Repeat the lines below exactly as they appear, but leave out the images.

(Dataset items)
+++++

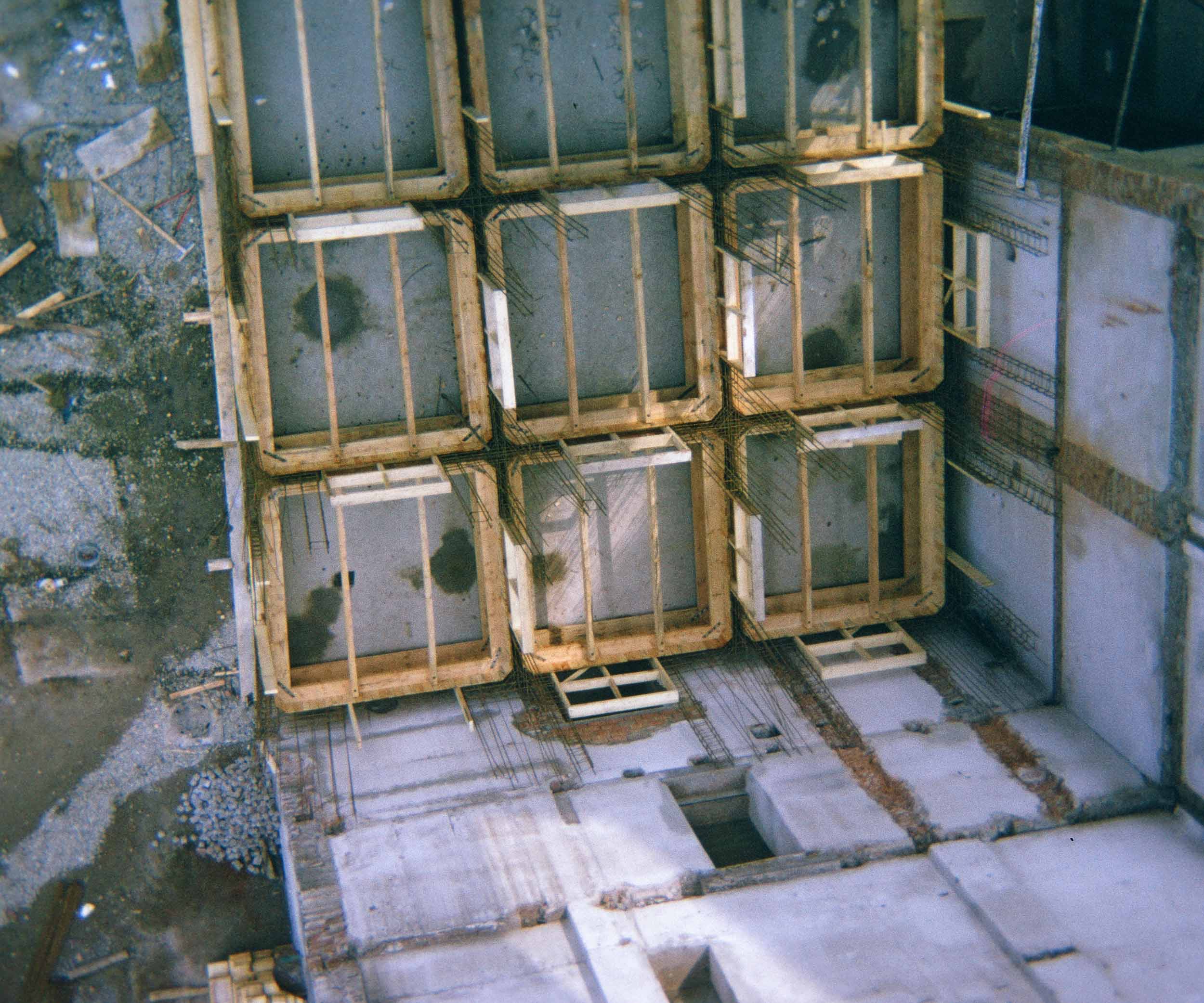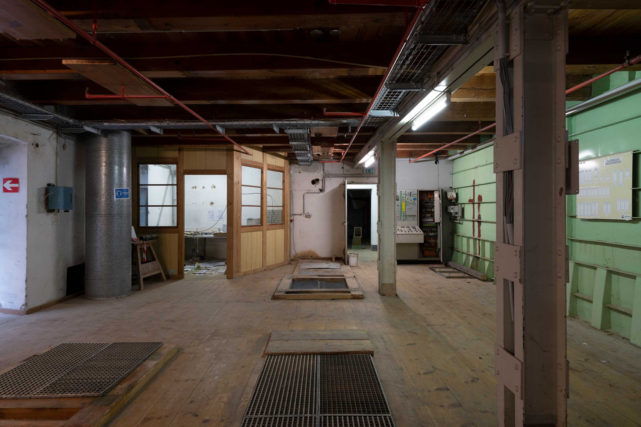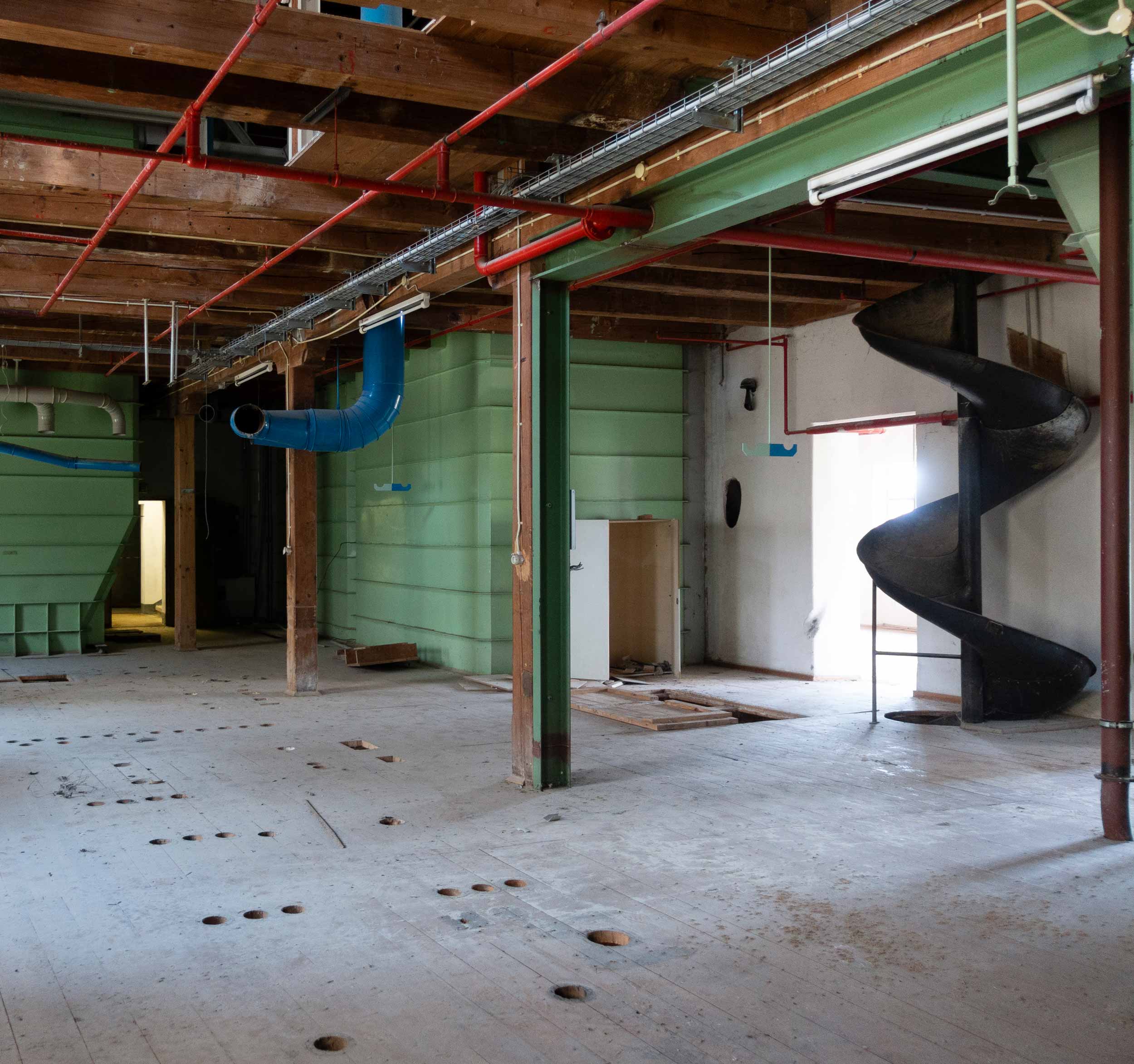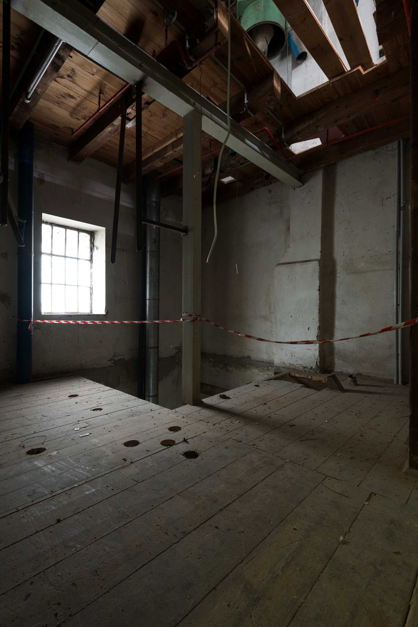 Löcher und Schrauben lassen erahnen, wo die Maschinen standen[48]. Zwischen ihnen spannte sich eine Choreografie aus Abläufen durch das gesamte Gebäude[15]. Arbeiter, Werkzeuge und Material bewegten sich in organisierten Rhythmen[73]. Physische Prozesse veränderten Konsistenzen. Dann nannte man das Korn nicht mehr Korn, sondern Mehl[27]. Dann nannte man den Arbeiter nicht mehr frisch und munter, sondern streichfähig[28]. Das Verständnis für die Organisation der Abläufe und deren Raumvolumen bildete die Grundlage der Architektur. Das Gebäude wuchs[3], um stetig eine formale Lösung für die Anforderungen der zeitgemäßen Mehlproduktion zu bieten.
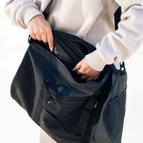 The Dusty RPET Duffle Bag is built for big hauls and bigger impact. With a 35L capacity, it’s made from RPET 210D with PU backing, giving waste a second life while keeping your gear sorted. It features a roomy main compartment, zippered front and mesh side pockets, and an adjustable shoulder strap for easy carry. Designed with utility in mind and minimum fuss, it makes the perfect sports or travel bag.
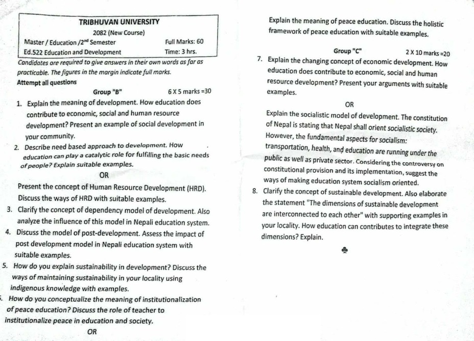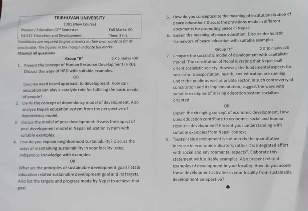 शिक्षा तथा विकास विषयको कोड नम्बर ५३३ को प्रश्नपत्र गतवर्ष (२०८१) सँग अधिकांश प्रश्न हुबहु रहेको छ। ‘अघिल्लो वर्षका प्रश्नहरु तलमाथि पारेर झुक्याउने काम भएको छ,’ एक विद्यार्थीले भने। अघिल्ला वर्षहरुमा पनि प्रश्नपत्र दोहोरिएको भन्दै त्रिविको आलोचना हुँदै आएको थियो।
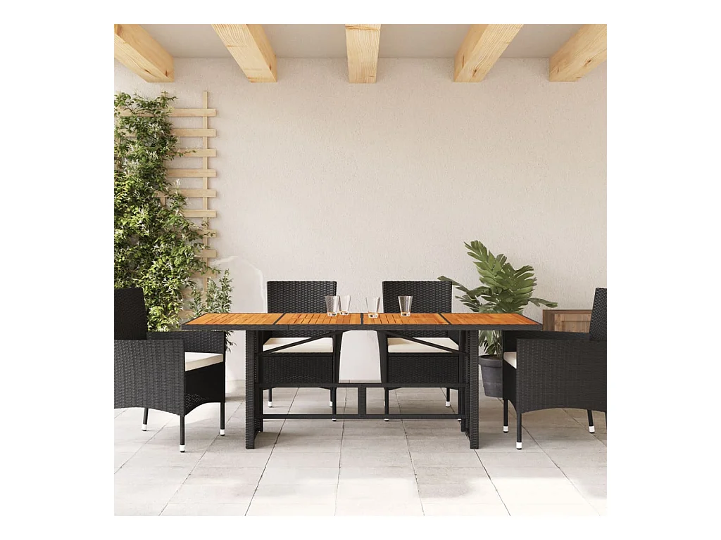 Mesa de jardín y tablero en madera de acacia negra y resina trenzada.
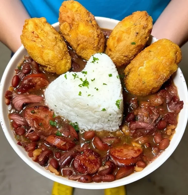 Red Beans and Rice with Crispy Fried Chicken Wings is the kind of soulful, satisfying meal that feels like a Sunday family gathering in the South. The red beans are slow-simmered until creamy and deeply flavorful, infused with smoky sausage, onions, garlic, and warm spices that create a rich, comforting base. Served over fluffy white rice, the beans become hearty and filling, soaking into every grain.
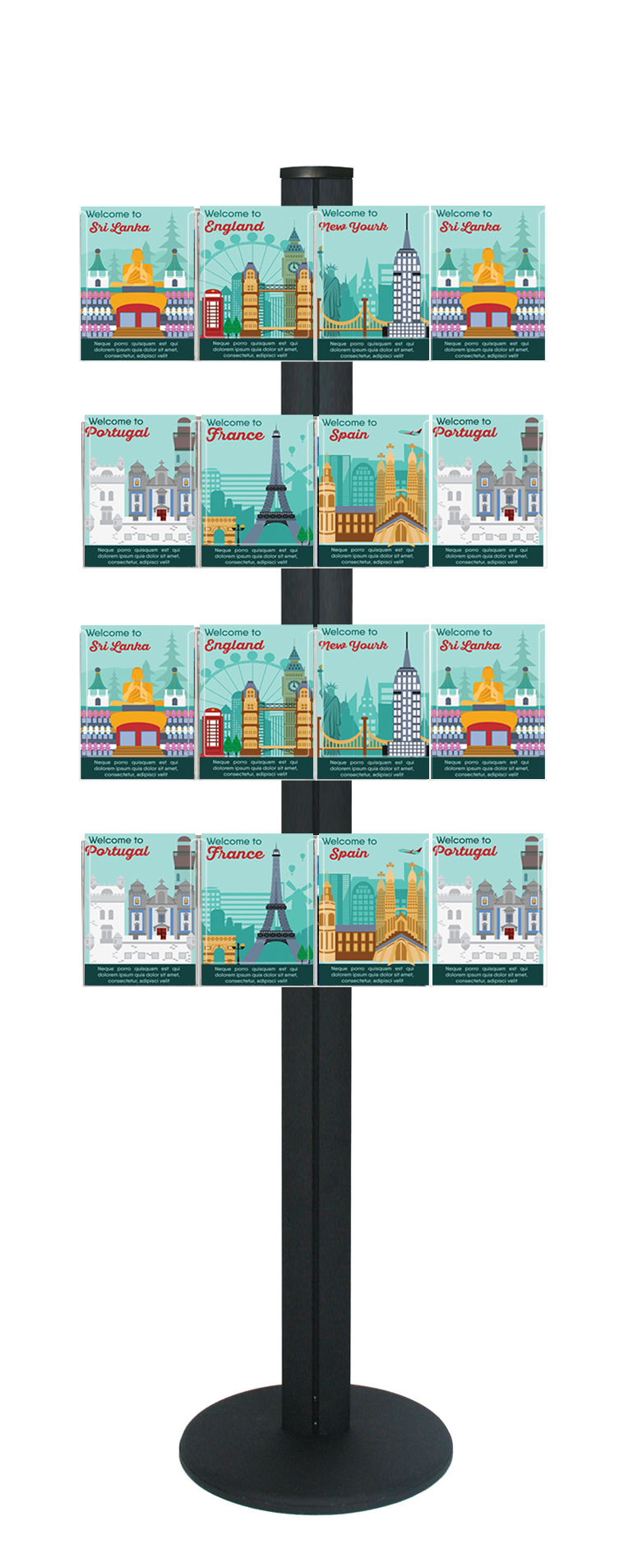 Freestanding 1450mm Black Combo Brochure Holder 15 Landscape Postcard Holders

+++++

> **WRITTEN RESPONSE**
 Löcher und Schrauben lassen erahnen, wo die Maschinen standen[48]. Zwischen ihnen spannte sich eine Choreografie aus Abläufen durch das gesamte Gebäude[15]. Arbeiter, Werkzeuge und Material bewegten sich in organisierten Rhythmen[73]. Physische Prozesse veränderten Konsistenzen. Dann nannte man das Korn nicht mehr Korn, sondern Mehl[27]. Dann nannte man den Arbeiter nicht mehr frisch und munter, sondern streichfähig[28]. Das Verständnis für die Organisation der Abläufe und deren Raumvolumen bildete die Grundlage der Architektur. Das Gebäude wuchs[3], um stetig eine formale Lösung für die Anforderungen der zeitgemäßen Mehlproduktion zu bieten.
 The Dusty RPET Duffle Bag is built for big hauls and bigger impact. With a 35L capacity, it’s made from RPET 210D with PU backing, giving waste a second life while keeping your gear sorted. It features a roomy main compartment, zippered front and mesh side pockets, and an adjustable shoulder strap for easy carry. Designed with utility in mind and minimum fuss, it makes the perfect sports or travel bag.
 शिक्षा तथा विकास विषयको कोड नम्बर ५३३ को प्रश्नपत्र गतवर्ष (२०८१) सँग अधिकांश प्रश्न हुबहु रहेको छ। ‘अघिल्लो वर्षका प्रश्नहरु तलमाथि पारेर झुक्याउने काम भएको छ,’ एक विद्यार्थीले भने। अघिल्ला वर्षहरुमा पनि प्रश्नपत्र दोहोरिएको भन्दै त्रिविको आलोचना हुँदै आएको थियो।
 Mesa de jardín y tablero en madera de acacia negra y resina trenzada.
 Red Beans and Rice with Crispy Fried Chicken Wings is the kind of soulful, satisfying meal that feels like a Sunday family gathering in the South. The red beans are slow-simmered until creamy and deeply flavorful, infused with smoky sausage, onions, garlic, and warm spices that create a rich, comforting base. Served over fluffy white rice, the beans become hearty and filling, soaking into every grain.
 Freestanding 1450mm Black Combo Brochure Holder 15 Landscape Postcard Holders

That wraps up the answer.